Thank you, it is adorable, have down loaded the pattern. You are very generous with your talent.


----------



## Shirlbida (Oct 14, 2013)

Thank you very much for the pattern. I hope the Pipsqueak yarn is still available.


----------



## Kajapi (Aug 20, 2012)

Thanks for the adorable pattern. I haven't seen that particular color of Pipsqueak, so I'll have to do a search.


----------



## JeanJ (Jul 12, 2011)

What a wonderful Thanksgiving gift, thank you!


----------



## demitybaughman (Oct 31, 2014)

Thank you so much!
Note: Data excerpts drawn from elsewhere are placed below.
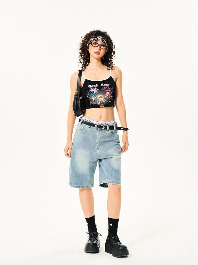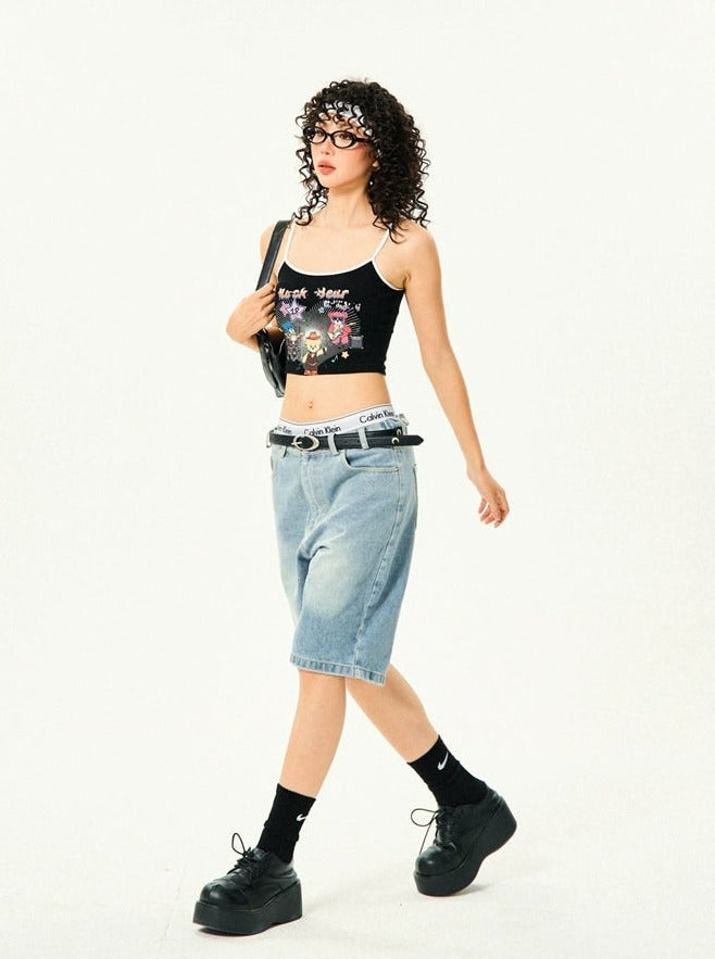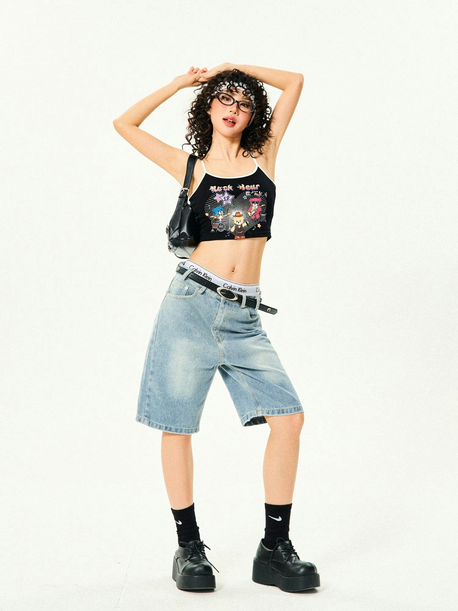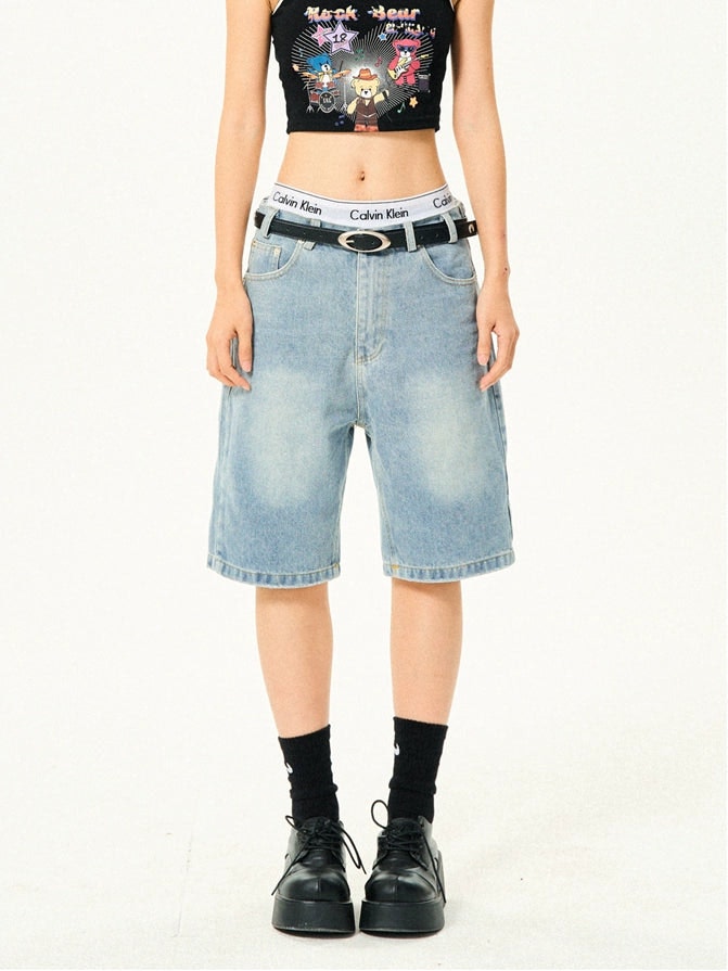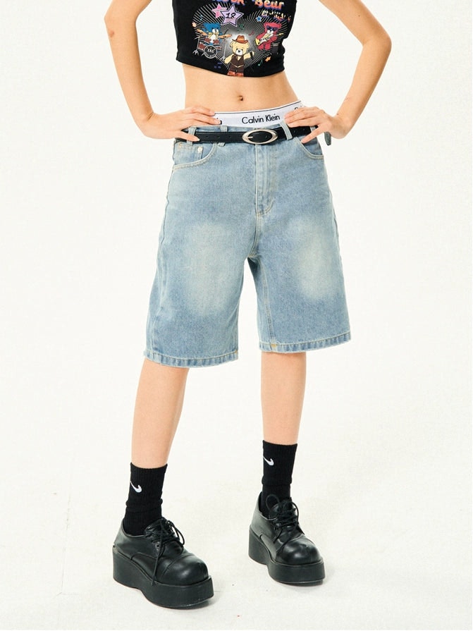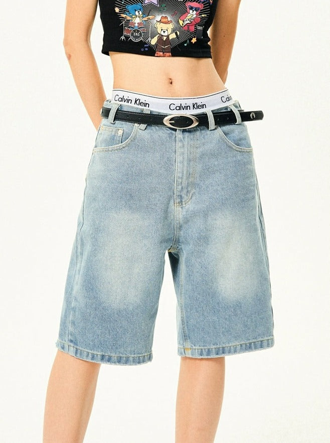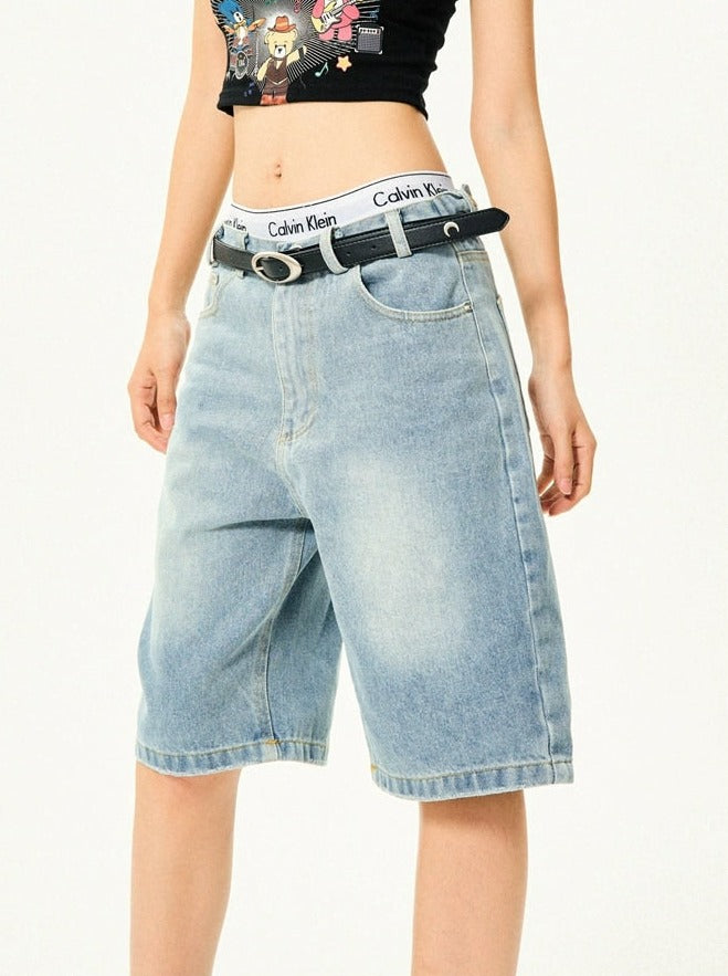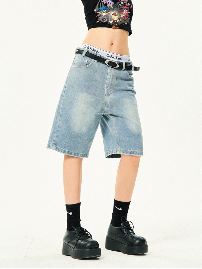 Straight Low-Waisted Faded Denim Bermuda Shorts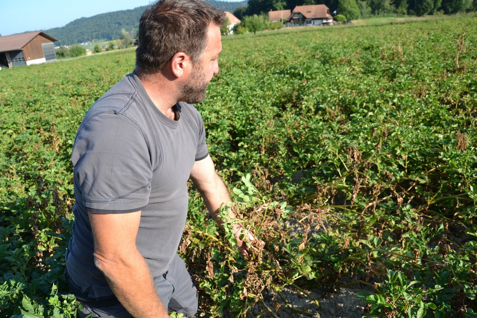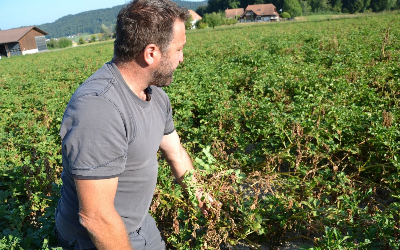 Ab Juni, bis Ende Juli erntet Mathias Kummer Frühkartoffeln, gefolgt von Pflanzkartoffeln und Frites-Sorten, die zur direkten Verarbeitung unter grünen Stauden gegraben werden. «Ich habe selbst Versuche durchgeführt mit der neuen Frites-Sorte Lady Jane», erzählt der Landwirt. Sie habe sich als robust gegen Trockenheit und Alternaria erwiesen. Er hofft, dass solche Sorten bald auch auf dem Markt bessere Chancen haben. Immerhin hat sich die Branche dazu bekannt. «Die Kartoffel-Züchtung dauert sehr lange», ist sich Kummer bewusst. «Aber man merkt, dass an den Sorten gearbeitet wird.»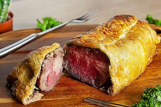 威靈頓牛排因饕客強烈敲碗回歸,酥皮包裹粉嫩牛排,一刀切開香氣四溢,是節慶餐桌上最具儀式感的經典菜色。台北凱撒大飯店提供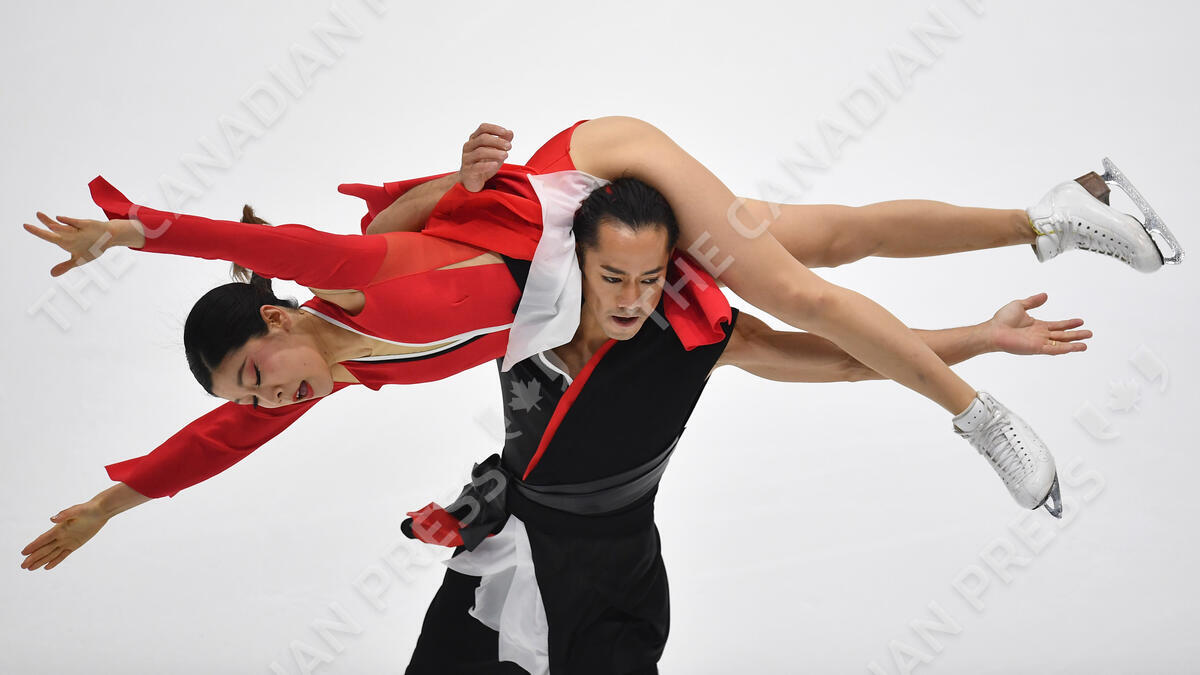 Kana Muramoto and Daisuke Takanashi of Japan perform their ice dance free dance skating program during the ISU Four Continents Figure Skating Championships in Tallinn, Estonia, Thursday, Jan. 20, 2022. (AP Photo/Sergei Stepanov)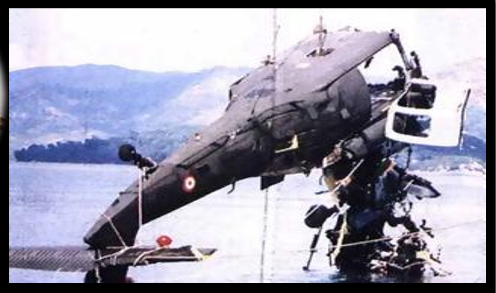 Την 05:01 το ελικόπτερο κατέπεσε στη θάλασσα με αποτέλεσμα τον θανάσιμο τραυματισμό, του κυβερνήτου Υποπλοιάρχου Χριστοδούλου Καραθανάση, του συγκυβερνήτου Υποπλοιάρχου Παναγιώτη Βλαχάκου και του χειριστού ραντάρ Αρχικελευστού Έκτορος Γιαλοψού.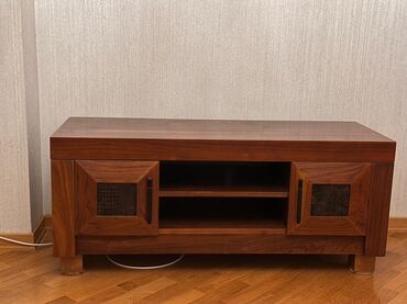 - TV stendi: ortada açıq iki rəf (televizor avadanlığı üçün), sağ-sol tərəfdə qapalı bölmələr; qısa hündürlüklü möhkəm ayaqlar.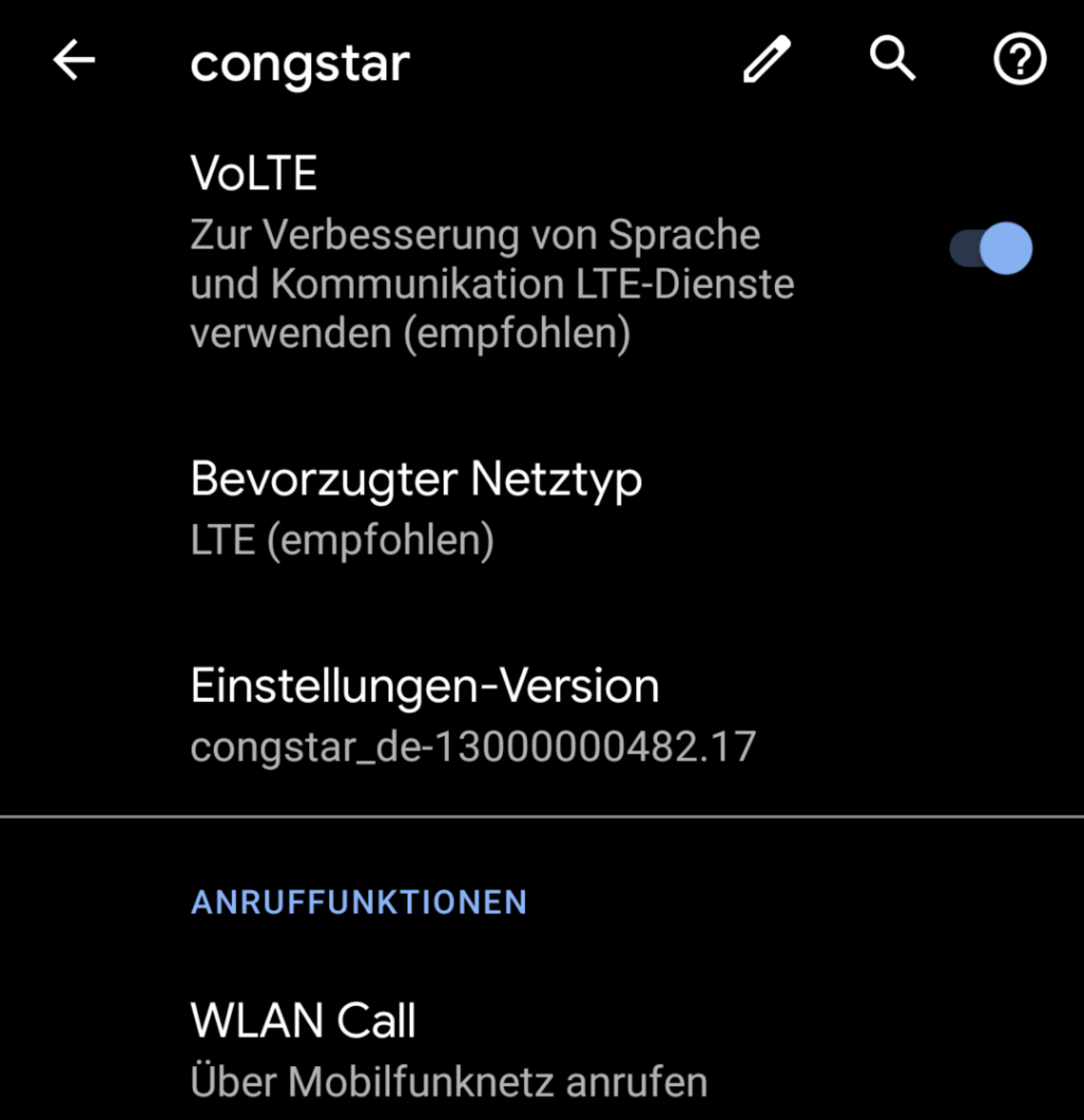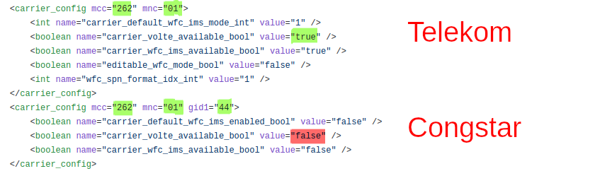 • Ich besitze ein Google Pixel (2016) mit Android 10, welches keine Updates mehr von Google erhält. Das Modell unterstützt wohlgemerkt VoLTE und die CarrierConfig für dieses Modell (Codename: sailfish) enthält auch die Information, dass VoLTE im Telekom-Netz verfügbar ist. Congstar nutzt den Telekom-APN allerdings mit einem besonderen Group Level Identifier (GID), nämlich 44, und in der CarrierConfig Stand Oktober 2019 (letztes Sicherheitsupdate für das Pixel) ist leider hinterlegt, dass Congstar kein VoLTE unterstützt: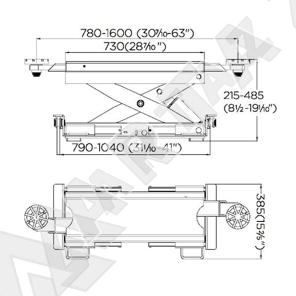 - Колея: 790–1040 мм — совместимость с канавными, ножничными и четырёхстоечными подъемниками.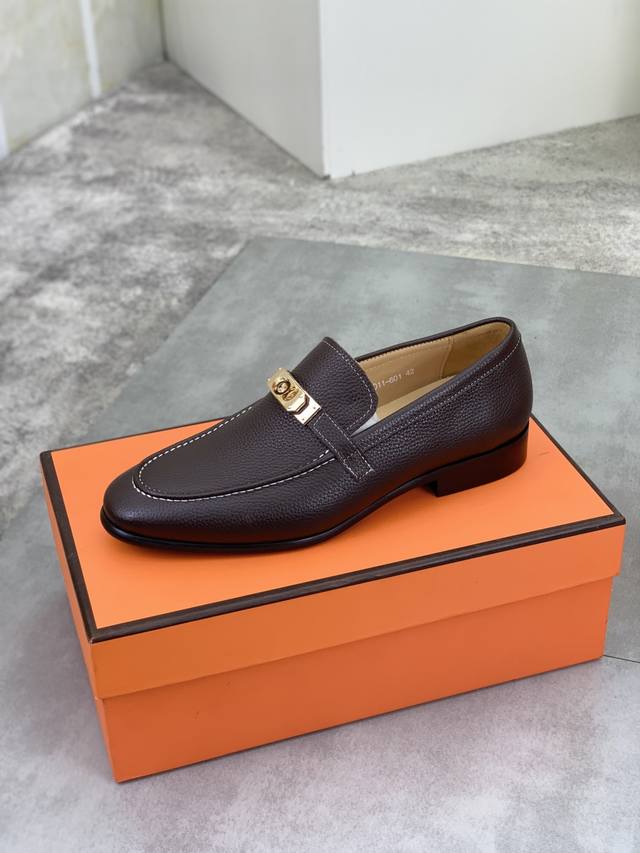 调工厂P价 男装男鞋 运动原单水染牛里 爱马仕 爱马仕 男士最新款休闲商务皮鞋!同步上市!面料采用专用进口原版小牛皮,内里采用进口水染牛皮,绝对的奢华打造,引领时尚潮流。配码:39-45 6色可选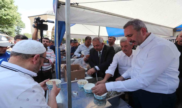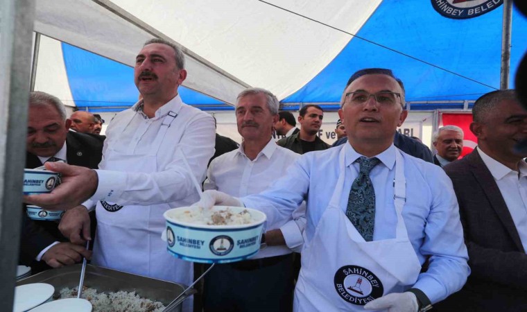 Şahinbey Belediye Başkanı Mehmet Tahmazoğlu, AK Parti Grup Başkan Vekili ve Gaziantep Milletvekili Abdulhamit Gül, Gaziantep Valisi Kemal Çeber, AK Parti Gaziantep Milletvekilleri İrfan Çelikaslan, Mesut Bozatlı, AK Parti İl Başkanı Murat Çetin, YÖK Başkanı Erol Özvar, Gaziantep Esnaf ve Sanatkarlar Odası Başkanı İsmet Özcan ve Gaziantep Kasaplar ve Celepçiler Odası Başkanı Bekir Özsert ile birlikte Ahilik Haftası nedeniyle Ulu Cami’nde pilav dağıtımı gerçekleştirdi.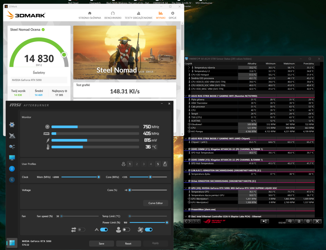- Dalem sobie core + 335 vram + 2000 na testa, wynik w nomadzie i odczyty, no posracie sie ze smiechu, ja posralem sie ze strachu jak mi zaczely wentyle wyc :D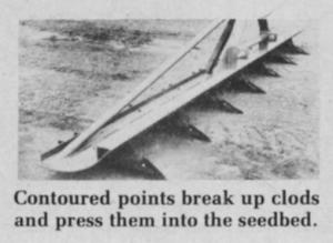 Creasers range in size from the smallest 3-row unit with 30-in. centers to the 10-row with 22-in. centers. They require just 45 to 60 hp. to pull and the teeth in front are replaceable.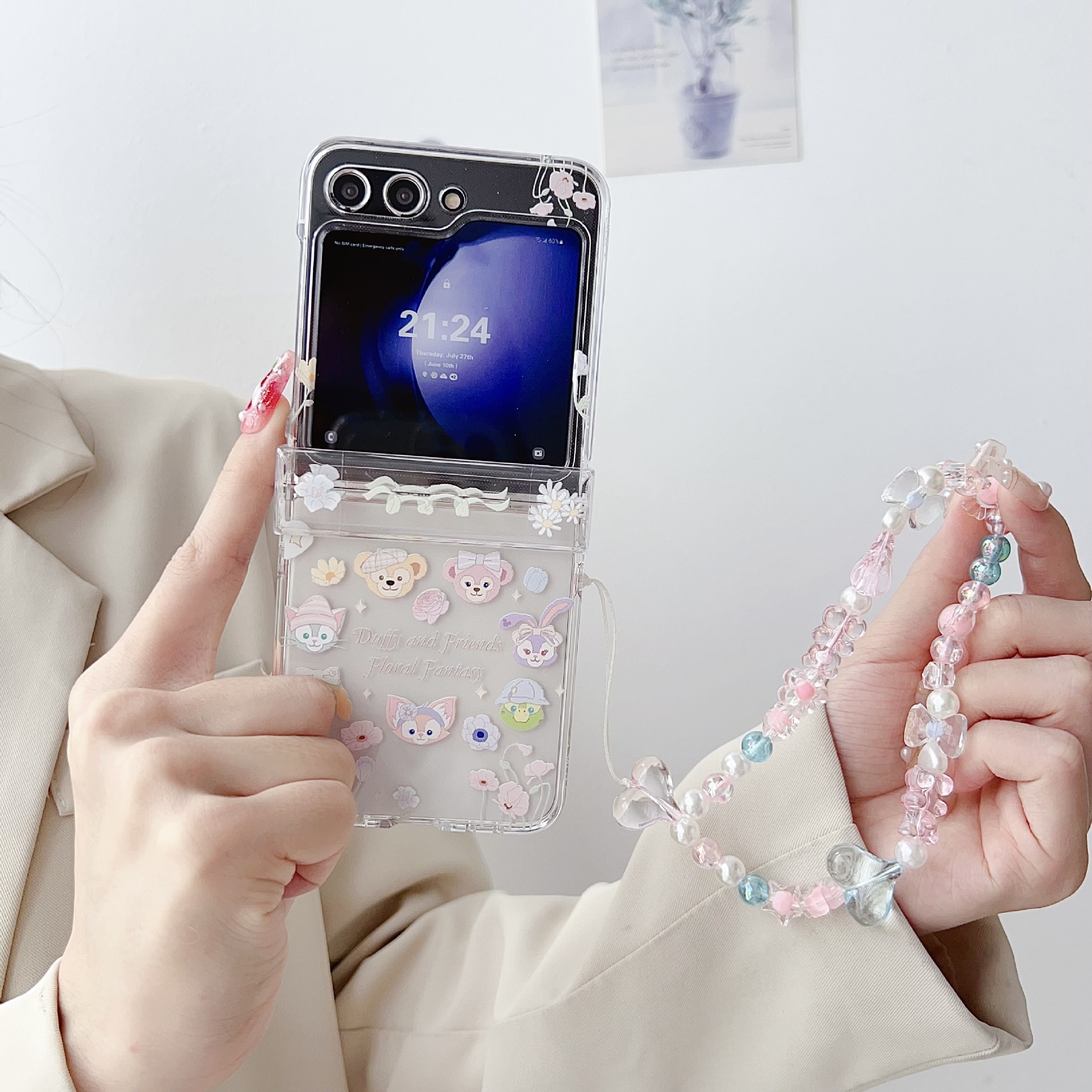 日本と韓国の漫画サムスン zflip5 折りたたみ携帯電話ケース落下防止 zflip3/4 保護カバー透明 PC

Now I know what to do for my grandson for Christmas!


----------



## SallyAnn (Apr 21, 2011)

That is so cute! Thank you so very much!!


----------



## flyssie (Jun 30, 2011)

Thank you for your generosity. It is a cute pattern


----------



## flyovercindy (Jan 24, 2013)

Thank you Janet!!! I'm going to have some happy granddaughters!


----------



## christiliz (Dec 20, 2011)

Adorable scarf! Thank you for sharing your wonderful design!


----------



## StellasKnits (Apr 10, 2011)

Thank you so much for your lovely pattern! Bringing this one to a close as it has reached it's 5 page limit.


----------